WHAT TO PRODUCE:
Write out the records in full, exactly as given, but without the images.

INFORMATION SUPPLIED:
+===+
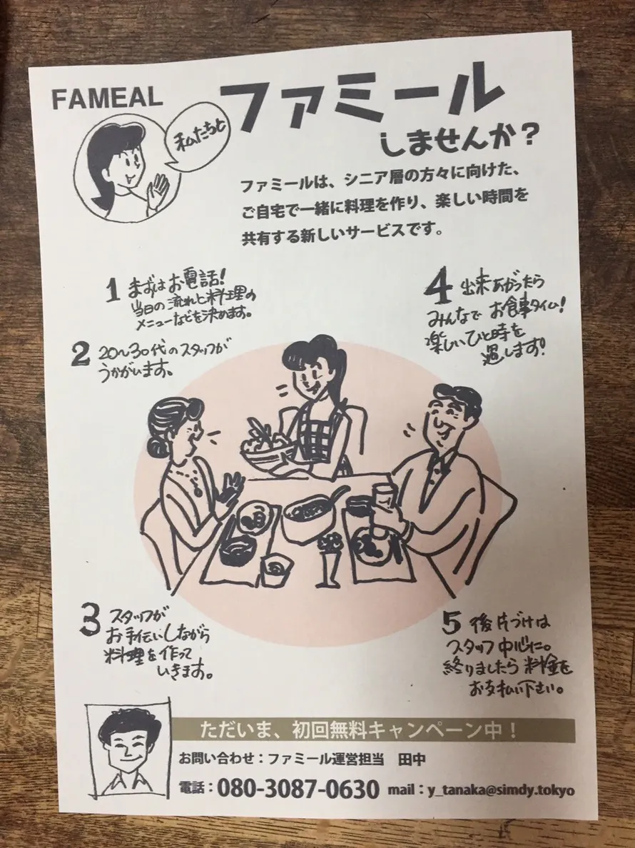 FAMEALを知っていただき、そして使っていただくために、近々シニアの方が集まる場所に足を運び、チラシを配ろうと考えています。
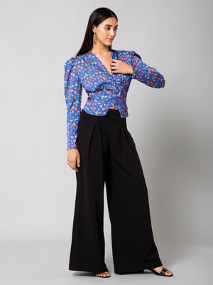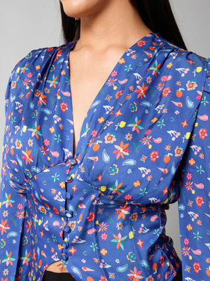 Make your style statement with Camilla midnight blue floral print princess line corset top. Pair it with your favorite trouser, short or skirts for any occasion.
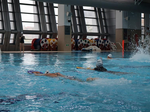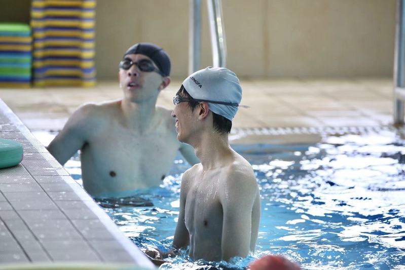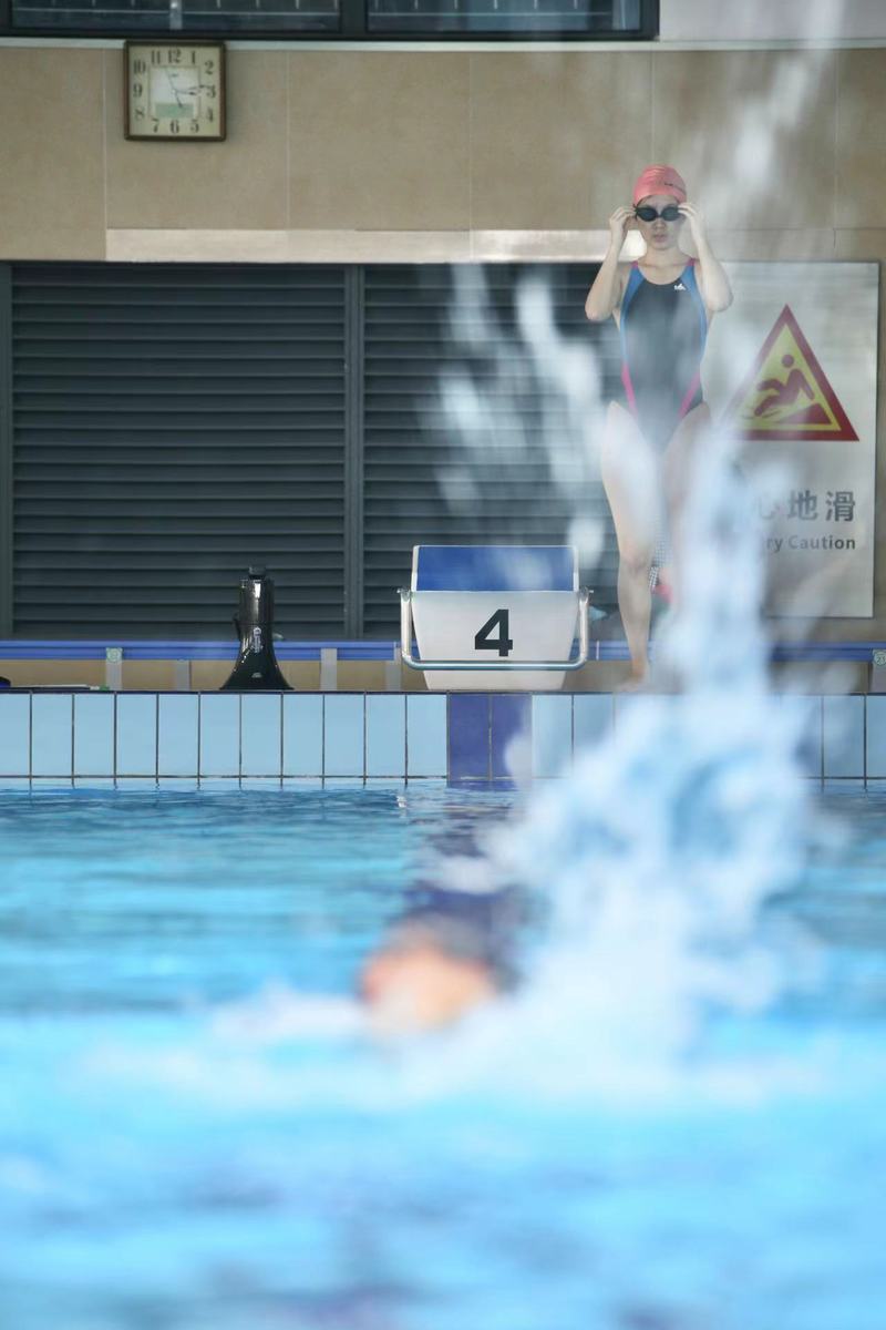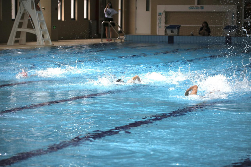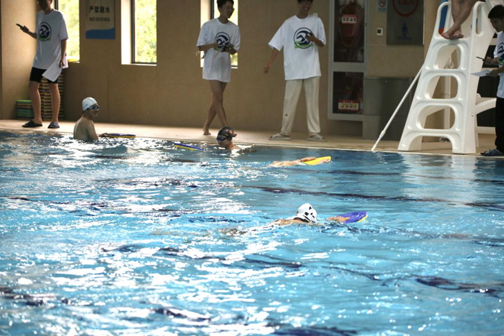 紧接着进行了激动人心的游泳趣味赛。同学跃跃欲试,在泳池中你追我赶,不分上下。虽然只是短距离趣味比赛,但是大家表现出来的竞技状态颇佳。
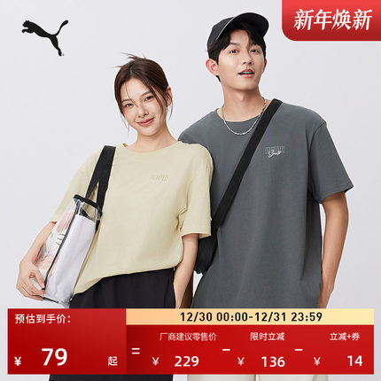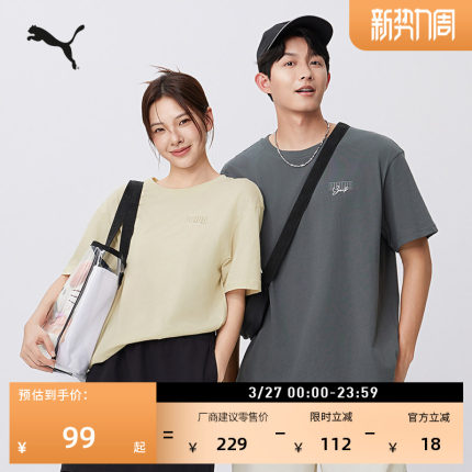 纯棉宽松印花休闲短袖T恤男女情侣PUMA彪马夏季运动上衣633788
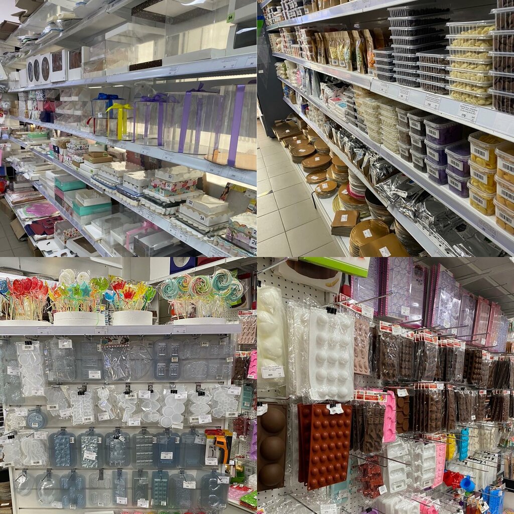 Супер магазин, для тех, кто любит печь для семьи( как я), и так же для прОфессионалов… есть все, что необходимо! Второй год приезжаю перед пасхой именно сюда, покупать декор… девушка- консультант профессионально дает рекомендации, при этом еще и мила и улыбчива! Выбор очевиден, буду постоянным клиентом. Если бы еще и дисконтные карты выпустили, было бы здорово!!!
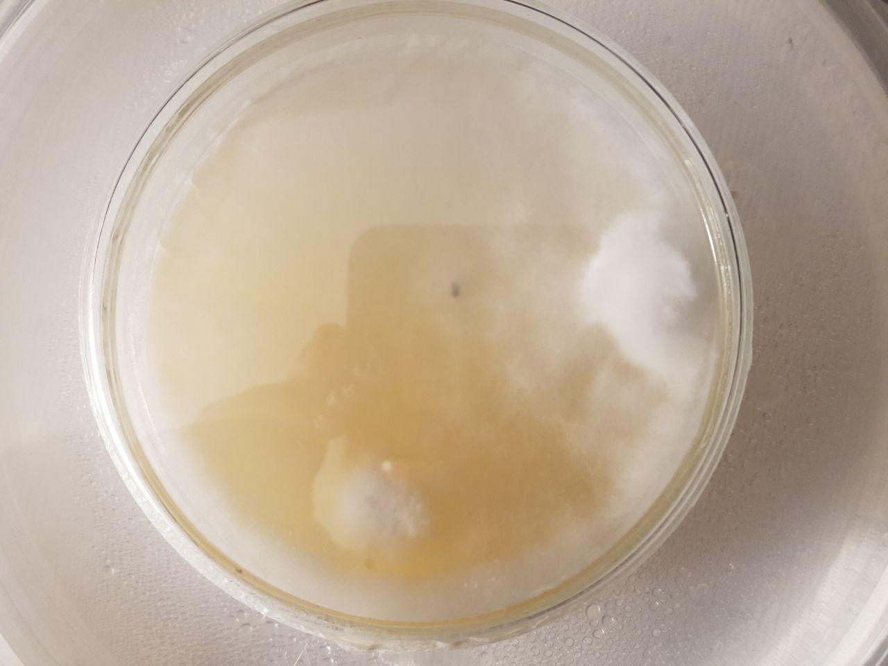 Mein Eindruck ist, dass beim Sterilisieren zu viel Wasserdampf in die Petrischalen eindringt. Auf den Bildern weiter unten ist viel Kondenswasser zu sehen. Zudem tue ich mir schwer damit, dass ich keine richtig sterile Arbeitsumgebung herstellen kann. Ich arbeite unter einer Art Haube, die ich auf eine Glasplatte stelle, als improvisierte ImpfBox. Die wird ausgenebelt und desinfiziert aber der begrenzte Platz und das Gefummel unter der Haube wirken noch ziemlich unbeholfen.
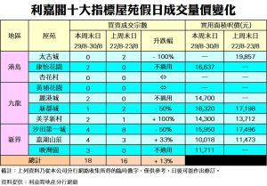 《利嘉閣十大指標屋苑假日二手實況》 交投穩中向好 連續四個周末錄雙位數 十大屋苑周末18宗買賣 按周增2宗
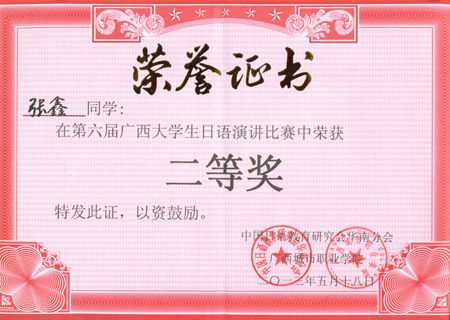 日前,第五届广西大学生日语演讲比赛在南宁落下帷幕。beat365外国语学院日语专业2010级1班张鑫同学在比赛中表现优异,取得了本届日语演讲比赛第二名的好成绩。 此次广西大学生日语演讲比赛由中国日语教学研究会华南分会主办、广西城市职业学院承办。来自广西13所开设日语专业的高校25名选手参加了比赛。比赛设一等奖1个,二等奖2个和三等奖3个。 长期以来,外国语学院注重学生专业技能的培养和综合素质的提升,积极鼓励和组织学生参加各类外语竞赛活动,并以赛促教、以赛促改、以赛促学,不断提高人才培育质量。
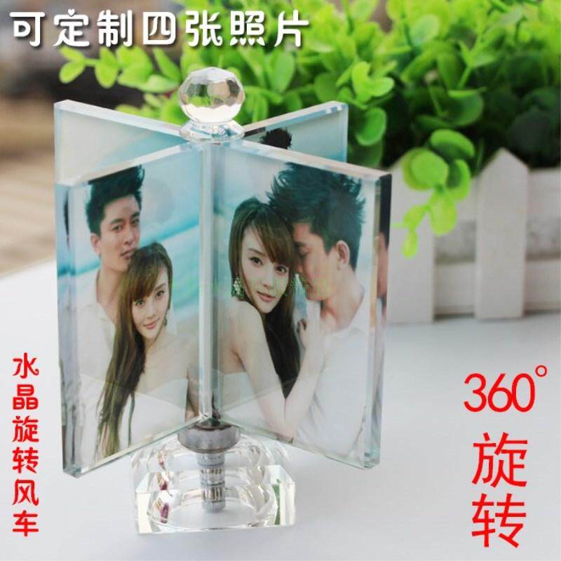 Luminous windmill photo customization diy gift creative 360 degree rotation portrait stands personalized crystal phase
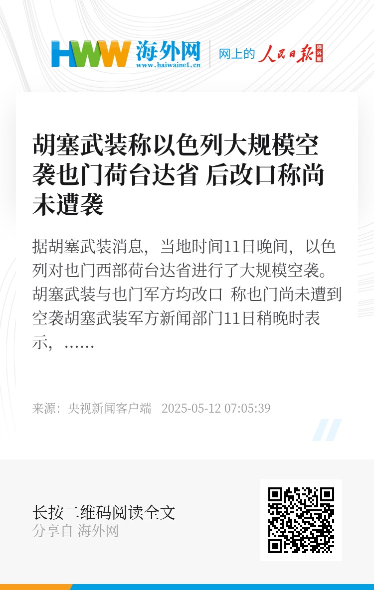 随后,也门军方新闻部门再次于11日22时20分发布消息称,也门尚未遭到任何空袭。(总台记者 张雨辰)
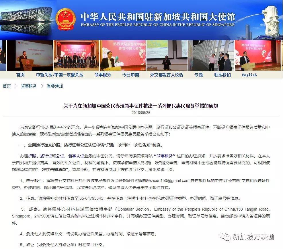 2018年6月25日,中国驻新加坡大使馆发布了《为在新加坡中国公民办理领事证件推出一系列便民惠民服务举措的通知》。(详情点击:重磅:中国驻新加坡大使馆推出超多新服务!)
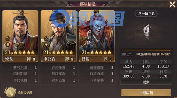 开战后申公豹、吕岳二人自带术法叠弱水buff,脸好的话一回合内即可叠4层,打出高额伤害。稳妥起见姬发可以带划陆为江(弱水层数提升75%-150%),确保堆满5层弱水。倒转阴阳提升容错,追求极限伤害可换补天浴日。
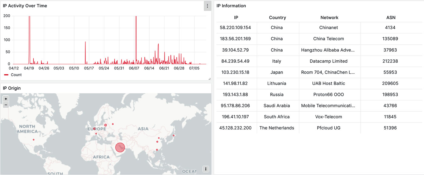 Between June 7 and June 21, we recorded 227 attempts to exploit CVE-2024-4577 on Forescout’s Adversary Engagement Environment (AEE) from the following IP addresses:
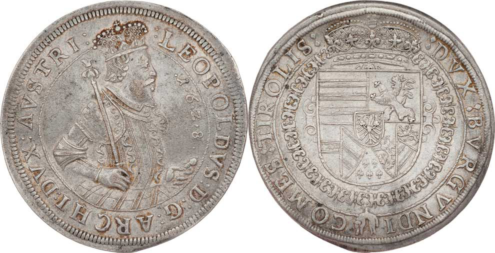 Tolar 1628, Hall, M-A.125, M-T.471, KM.629.2, světský šat, koruna s perlami, bez malých znaků, 28.354g, nep.exc., nep.zvlněný, dr.hr., pěkná patina
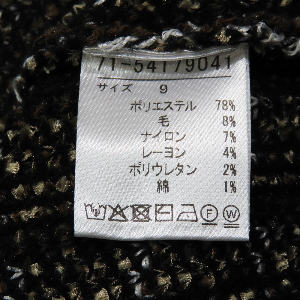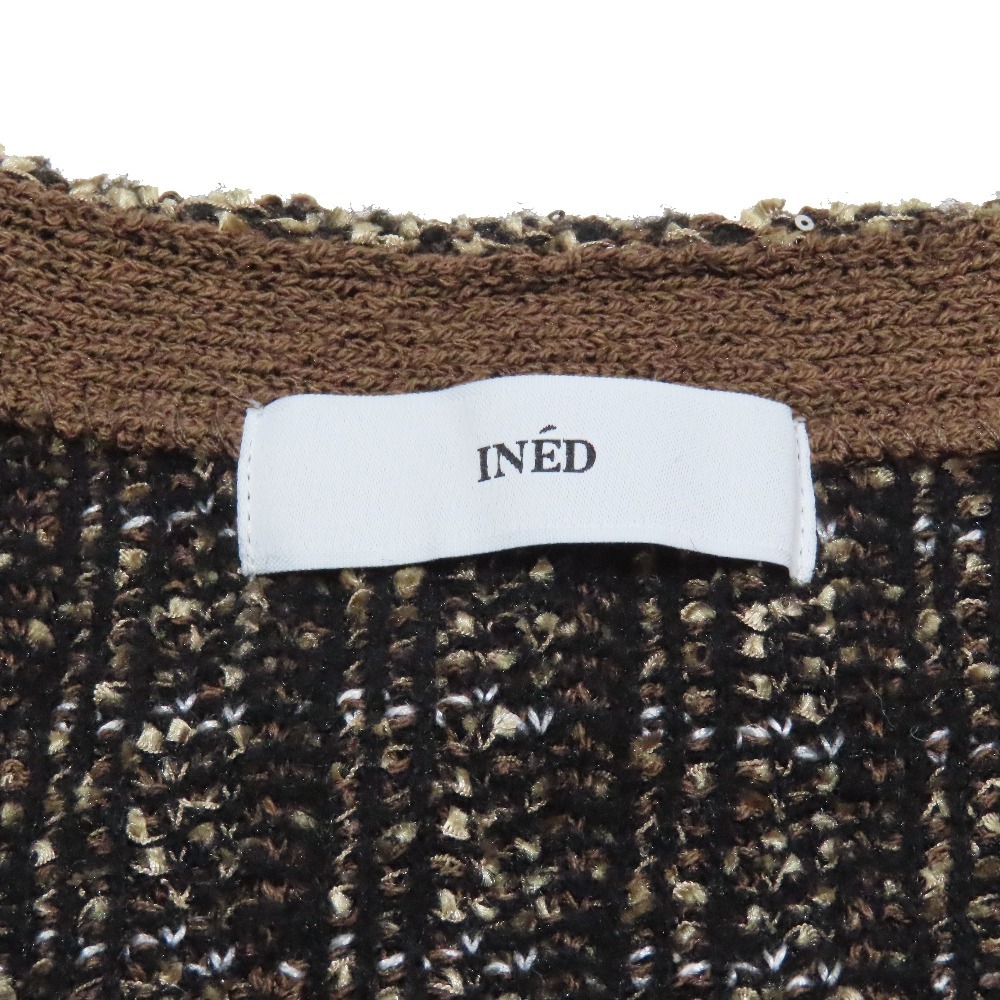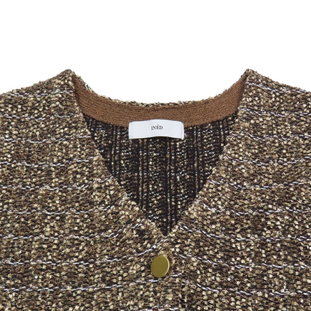 新品同様 INED イネド ツイード風ジレ ベスト ショート丈 Vネック 金ボタン フェイクポケット カットソー 9 ブラウン
+===+
THE COMPLETED TASK:
 FAMEALを知っていただき、そして使っていただくために、近々シニアの方が集まる場所に足を運び、チラシを配ろうと考えています。
 Make your style statement with Camilla midnight blue floral print princess line corset top. Pair it with your favorite trouser, short or skirts for any occasion.
 紧接着进行了激动人心的游泳趣味赛。同学跃跃欲试,在泳池中你追我赶,不分上下。虽然只是短距离趣味比赛,但是大家表现出来的竞技状态颇佳。
 纯棉宽松印花休闲短袖T恤男女情侣PUMA彪马夏季运动上衣633788
 Супер магазин, для тех, кто любит печь для семьи( как я), и так же для прОфессионалов… есть все, что необходимо! Второй год приезжаю перед пасхой именно сюда, покупать декор… девушка- консультант профессионально дает рекомендации, при этом еще и мила и улыбчива! Выбор очевиден, буду постоянным клиентом. Если бы еще и дисконтные карты выпустили, было бы здорово!!!
 Mein Eindruck ist, dass beim Sterilisieren zu viel Wasserdampf in die Petrischalen eindringt. Auf den Bildern weiter unten ist viel Kondenswasser zu sehen. Zudem tue ich mir schwer damit, dass ich keine richtig sterile Arbeitsumgebung herstellen kann. Ich arbeite unter einer Art Haube, die ich auf eine Glasplatte stelle, als improvisierte ImpfBox. Die wird ausgenebelt und desinfiziert aber der begrenzte Platz und das Gefummel unter der Haube wirken noch ziemlich unbeholfen.
 《利嘉閣十大指標屋苑假日二手實況》 交投穩中向好 連續四個周末錄雙位數 十大屋苑周末18宗買賣 按周增2宗
 日前,第五届广西大学生日语演讲比赛在南宁落下帷幕。beat365外国语学院日语专业2010级1班张鑫同学在比赛中表现优异,取得了本届日语演讲比赛第二名的好成绩。 此次广西大学生日语演讲比赛由中国日语教学研究会华南分会主办、广西城市职业学院承办。来自广西13所开设日语专业的高校25名选手参加了比赛。比赛设一等奖1个,二等奖2个和三等奖3个。 长期以来,外国语学院注重学生专业技能的培养和综合素质的提升,积极鼓励和组织学生参加各类外语竞赛活动,并以赛促教、以赛促改、以赛促学,不断提高人才培育质量。
 Luminous windmill photo customization diy gift creative 360 degree rotation portrait stands personalized crystal phase
 随后,也门军方新闻部门再次于11日22时20分发布消息称,也门尚未遭到任何空袭。(总台记者 张雨辰)
 2018年6月25日,中国驻新加坡大使馆发布了《为在新加坡中国公民办理领事证件推出一系列便民惠民服务举措的通知》。(详情点击:重磅:中国驻新加坡大使馆推出超多新服务!)
 开战后申公豹、吕岳二人自带术法叠弱水buff,脸好的话一回合内即可叠4层,打出高额伤害。稳妥起见姬发可以带划陆为江(弱水层数提升75%-150%),确保堆满5层弱水。倒转阴阳提升容错,追求极限伤害可换补天浴日。
 Between June 7 and June 21, we recorded 227 attempts to exploit CVE-2024-4577 on Forescout’s Adversary Engagement Environment (AEE) from the following IP addresses:
 Tolar 1628, Hall, M-A.125, M-T.471, KM.629.2, světský šat, koruna s perlami, bez malých znaků, 28.354g, nep.exc., nep.zvlněný, dr.hr., pěkná patina
 新品同様 INED イネド ツイード風ジレ ベスト ショート丈 Vネック 金ボタン フェイクポケット カットソー 9 ブラウン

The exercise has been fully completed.